I used the palmerpenguins dataset hosted by the palmerpenguins project:

  • Data (CSV): https://raw.githubusercontent.com/allisonhorst/palmerpenguins/master/inst/extdata/penguins.csv

Data dictionary

The Data dictionary, containing full variable descriptions can be found here: https://rpubs.com/rich_i/dd_pp

Key variables used in this dataset include:

  • species: species of penguin (Adelie, Chinstrap, Gentoo)
  • island: island name
  • bill_length_mm: bill length (mm)
  • bill_depth_mm: bill depth (mm)
  • flipper_length_mm: flipper length (mm)
  • body_mass_g: body mass (g)
  • sex: sex of the penguin (male/female)
  • year: the year of study (2007, 2008, and 2009)

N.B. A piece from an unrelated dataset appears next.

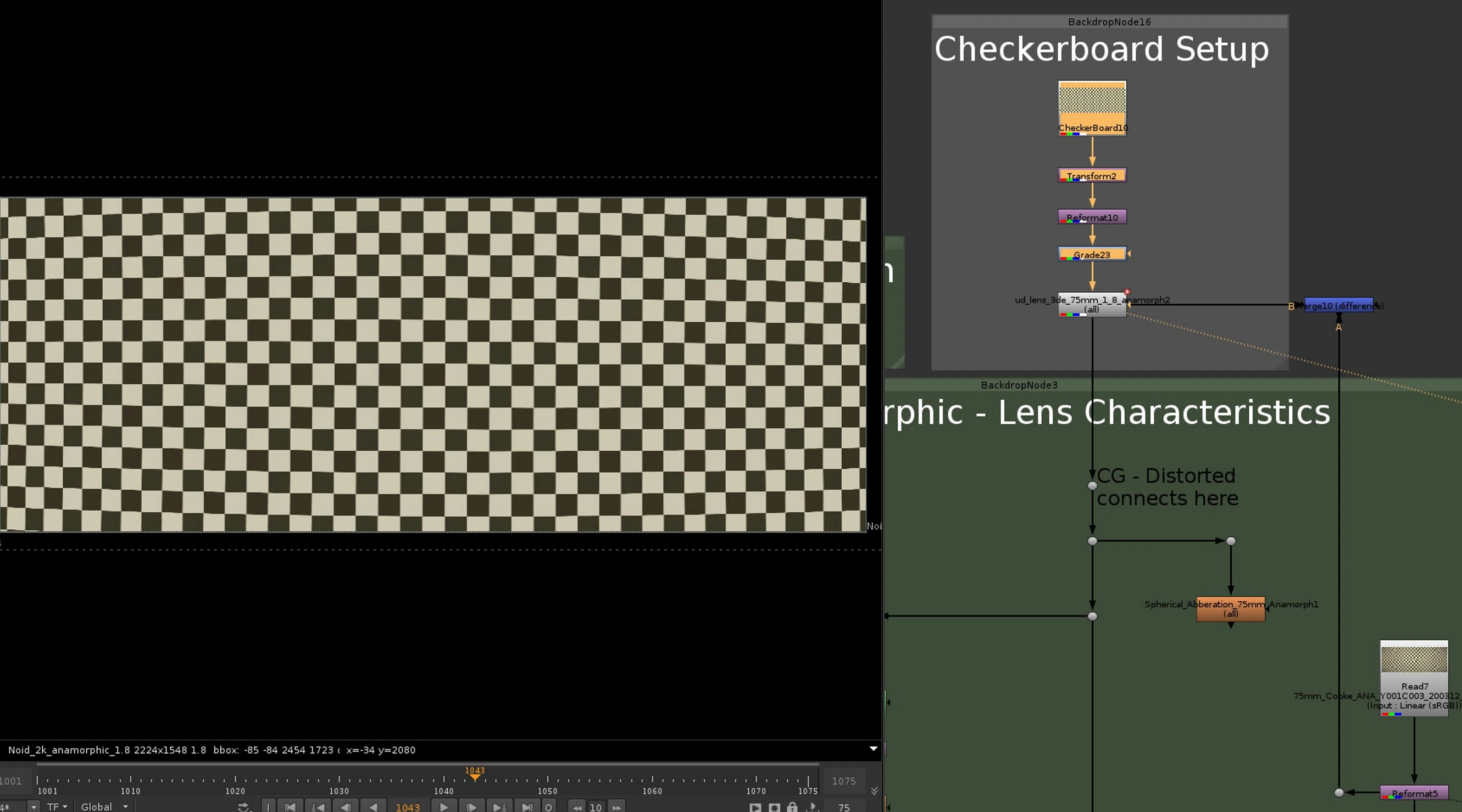Last step is to apply the lens distortion to the nuke checkerboard. We got 3D Equalizer Nuke nodes back from our friends at Track VFX (great tracking company by the way), that is what you can see in the Setup.

This is a quick reminder about the research question and the data source.

  • Question: morphological differences in species and variance by island.
  • Data: palmerpenguins CSV (linked above).

Data wrangling and inspection

We load the tidyverse (dplyr, tidyr, ggplot2) to clean and reshape the data using functions like filter, select,mutate, arrange, group_by, summarize, and drop_na.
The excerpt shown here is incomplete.